My attempts: It's pretty straightforward to show that this process creates all positive integers, as well as all rational numbers of the form $\frac{a+1}{a}$ (and their reciprocals).
In general, you can look at a number, and show that all the numbers directly to the left or right have a specific form (e.g. all numbers directly to the left of $\frac 3 2$ have form $\frac{1+3n}{1 + 2n}$).
By hand, I've confirmed that all positive rational numbers with numerator and denominator up to $10$ appear.
I thought maybe I could disprove my conjecture by comparing the process to starting with $\{0,1\}$ and splitting the interval repeatedly in half (which creates all positive rational numbers $\leq 1$ with denominator a power of $2$), but I made no headway.

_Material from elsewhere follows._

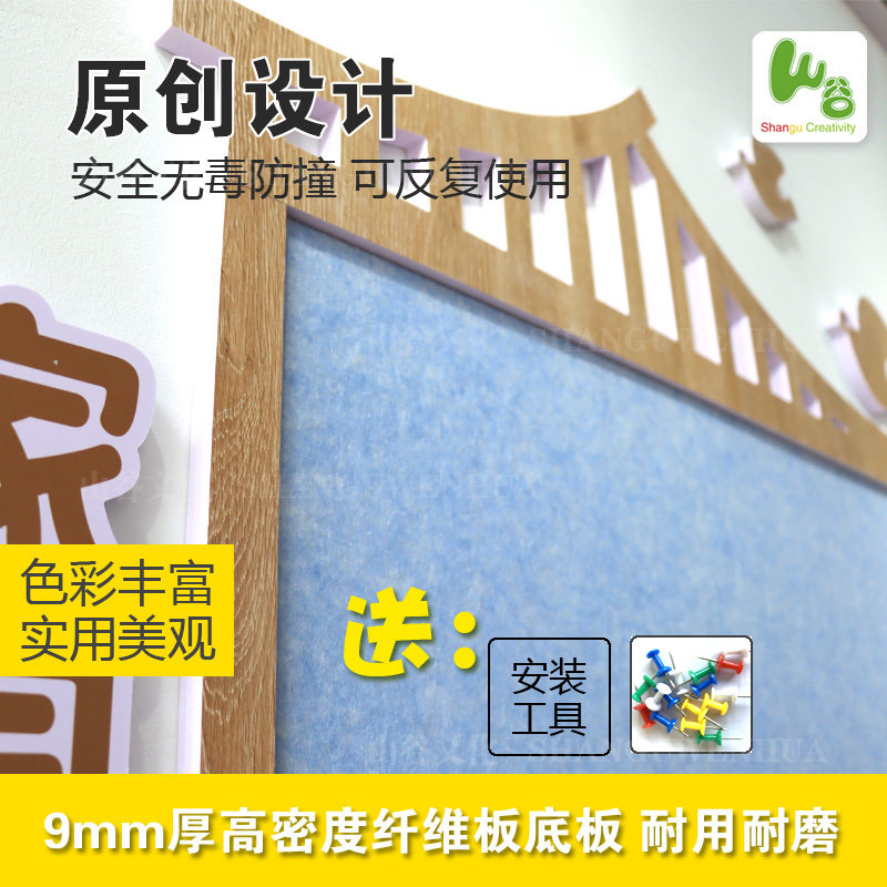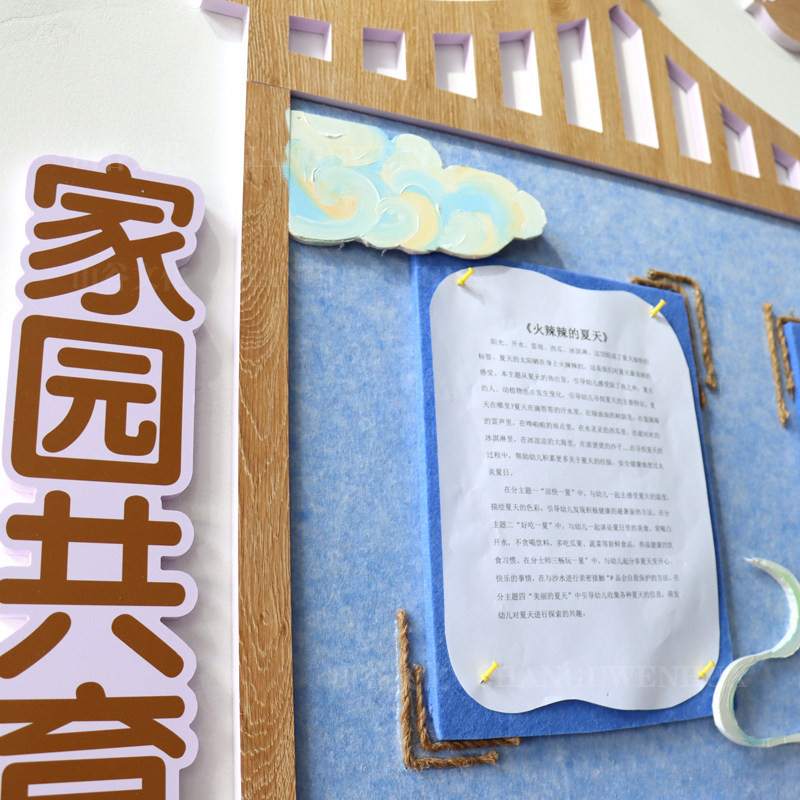 📚 家园栏幼儿园家园共育展示板中式国风环创主题墙楼梯装饰毛毡立体

I wrote a program to show that, at least for the first $20$ iterations, the $\gcd$ of the numerator and the denominator is always $1$, but I haven't been able to prove that this should in general be the case.
This is the Stern-Brocot tree, which is bijective to the positive rationals.